Eh, I hear you on finishing things. Endings are the most difficult part for me.


----------



## Mystik (Nov 2, 2007)

*Yeah I have trouble with endings sometimes too, but mostly it's because I get caught up in other things or I just lose interest....Im complicated ^.^;*


----------



## Foxee (Nov 2, 2007)

Complicated...or easily distracted like me...oo! Look! Something shiny....


----------



## Mystik (Nov 2, 2007)

_Haha, maybe._


----------



## Nickie (Nov 2, 2007)

Hello to you, Mystik, and welcome to the forum. I'm also writing short stories at the moment. I intend to make a collection of it for next year's Halloween.


Nickie


----------



## Wallmaker (Nov 2, 2007)

Hi Mystic, read your poem posted in the Poetry section already.  Keep up the good work and lets see some more posts!

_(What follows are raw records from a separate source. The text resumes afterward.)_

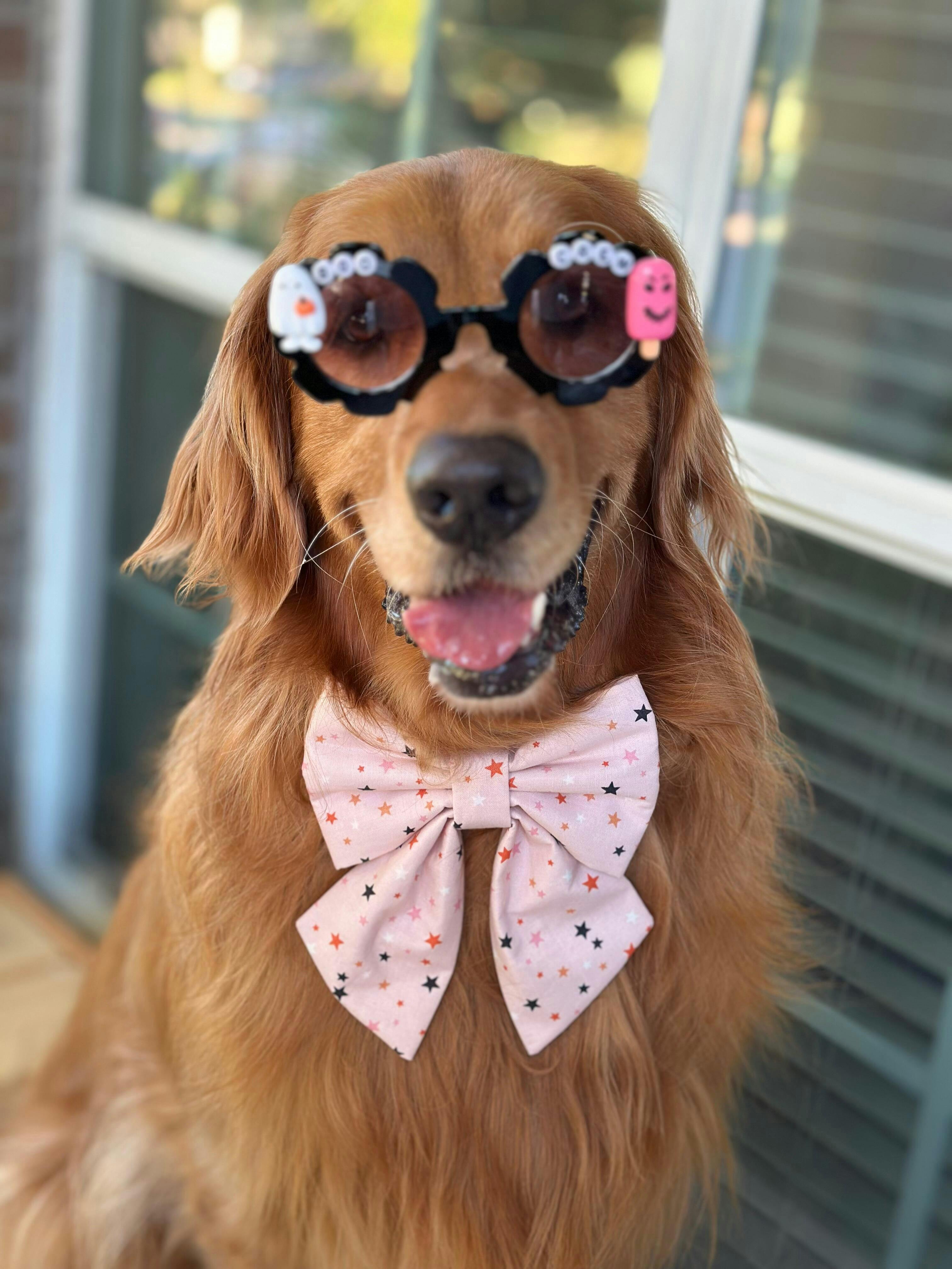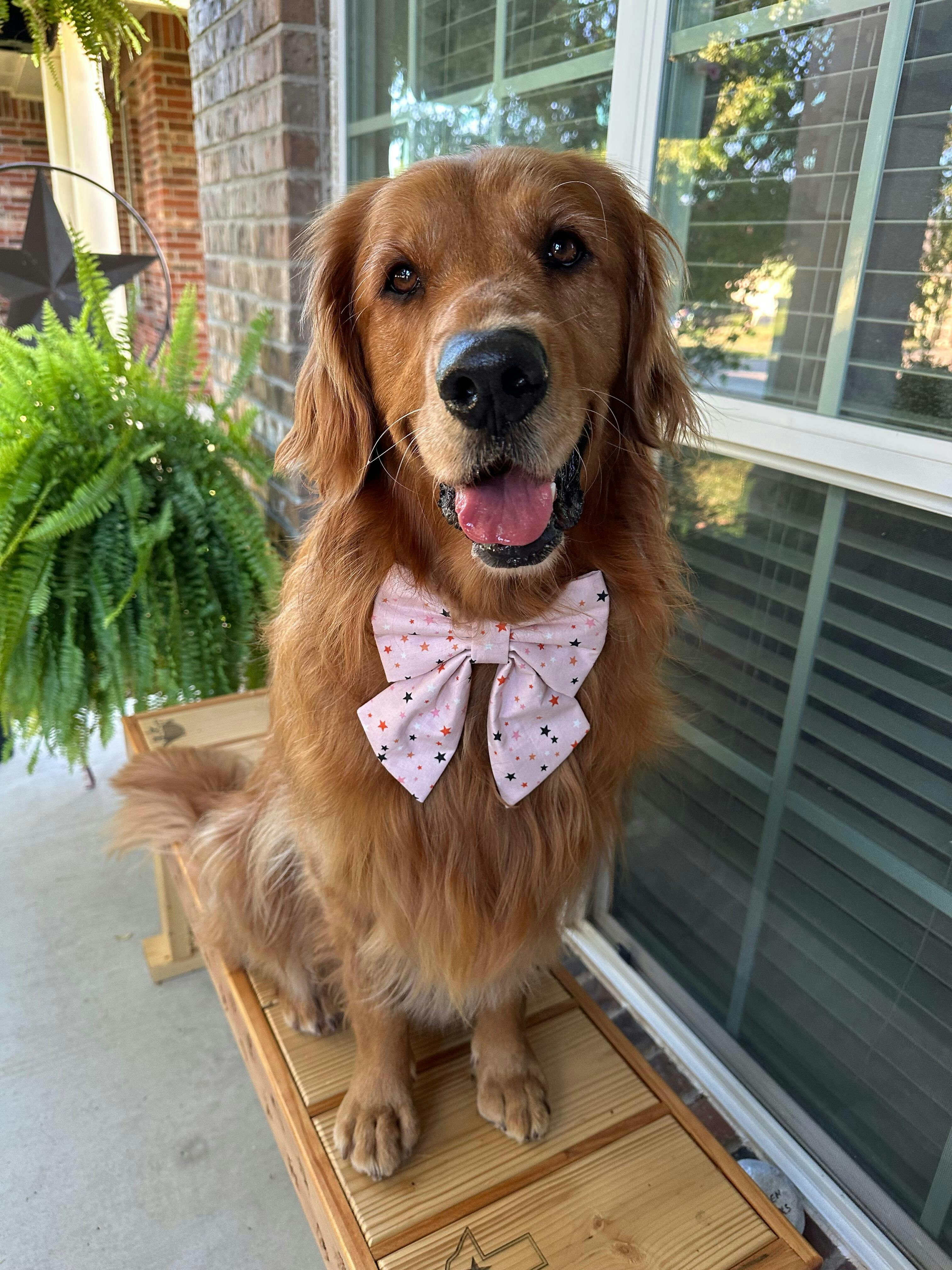 Model Info: Cookie, an 70-pound Golden Retriever with a 19'' neck, is wearing size large sailor bow and bow tie across all our products.
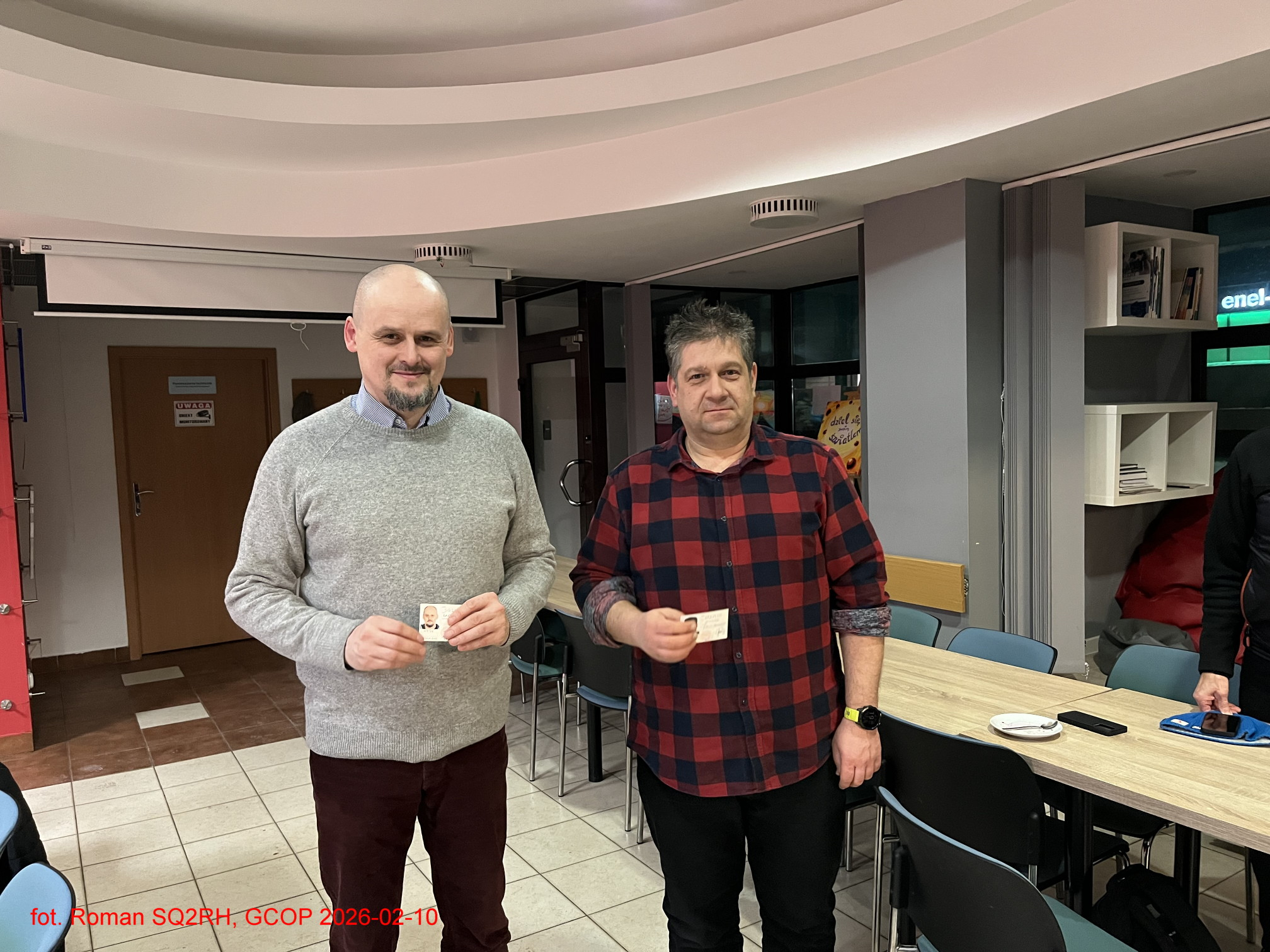 Bartłomiej Socha - SQ2KPPJ oraz Michała Jakubowskiego - SP2MIO. Nowi członkowie uroczyście odebrali swoje legitymacje członkowskie PZK, a kolega Michał zgodnie z polską tradycją zafundował tzw. wpisowy słodki poczęstunek -dziękujemy bardzo.
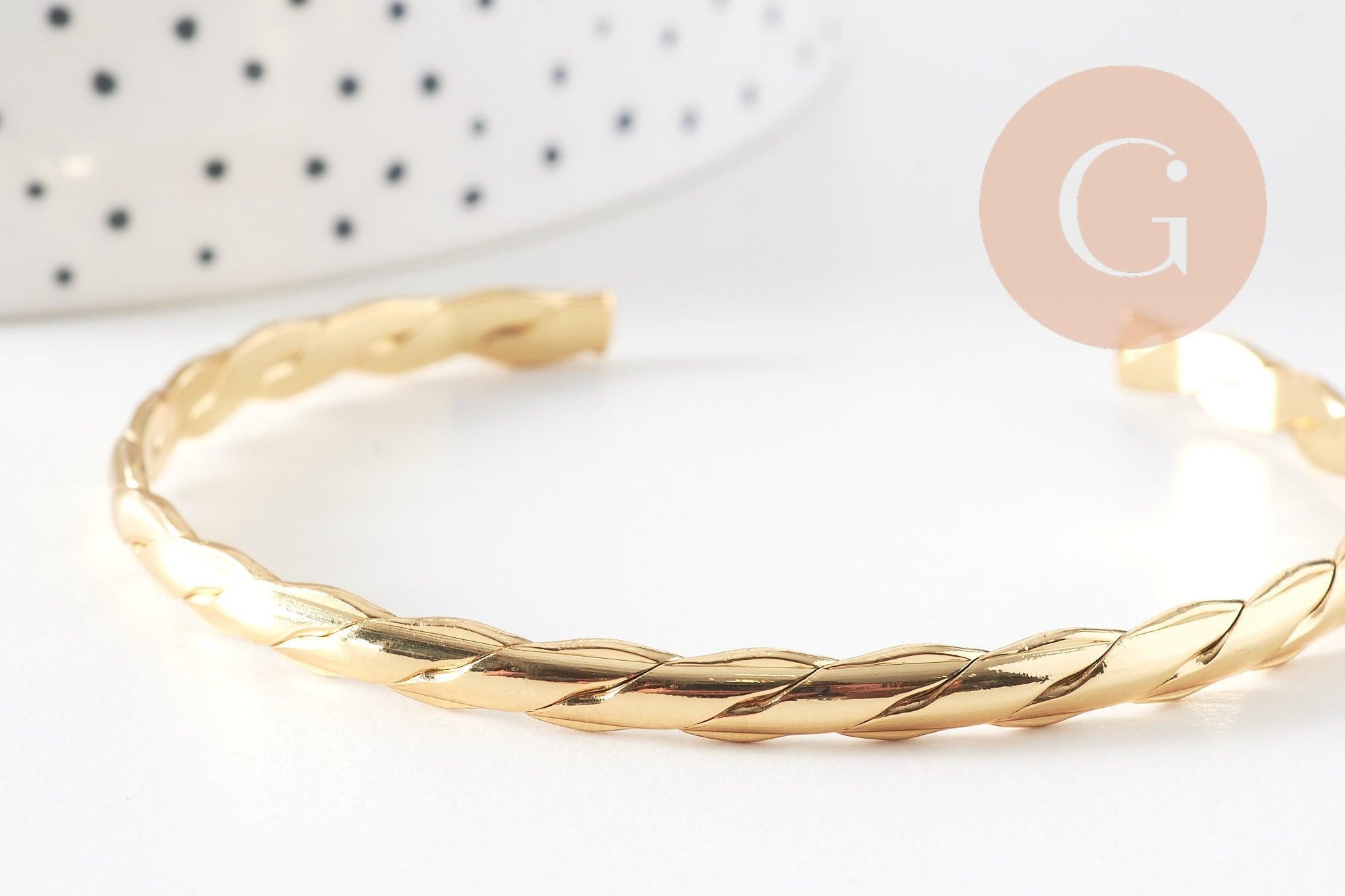 Adjustable 14k gold braided bangle bracelet, creative supplies, gold-plated brass, original bracelet, jewelry making, gold bracelet, 50mm

P.s. I'm totally there with you about writing longer stuff.  Currently have 2 very long projects due in my class and just thinking about it makes all the blood drain out of me.  All that committment... to only 1 idea... ::shudders::


----------



## The Hooded One (Nov 2, 2007)

Welcome to WF.

- The Hooded One


----------



## Winterstorm (Nov 2, 2007)

Howdy Mystik, nice to have you here, welcome.


----------



## Hawke (Nov 2, 2007)

Hello and welcome to the community, Mystik. Good to meet you. Enjoy!


----------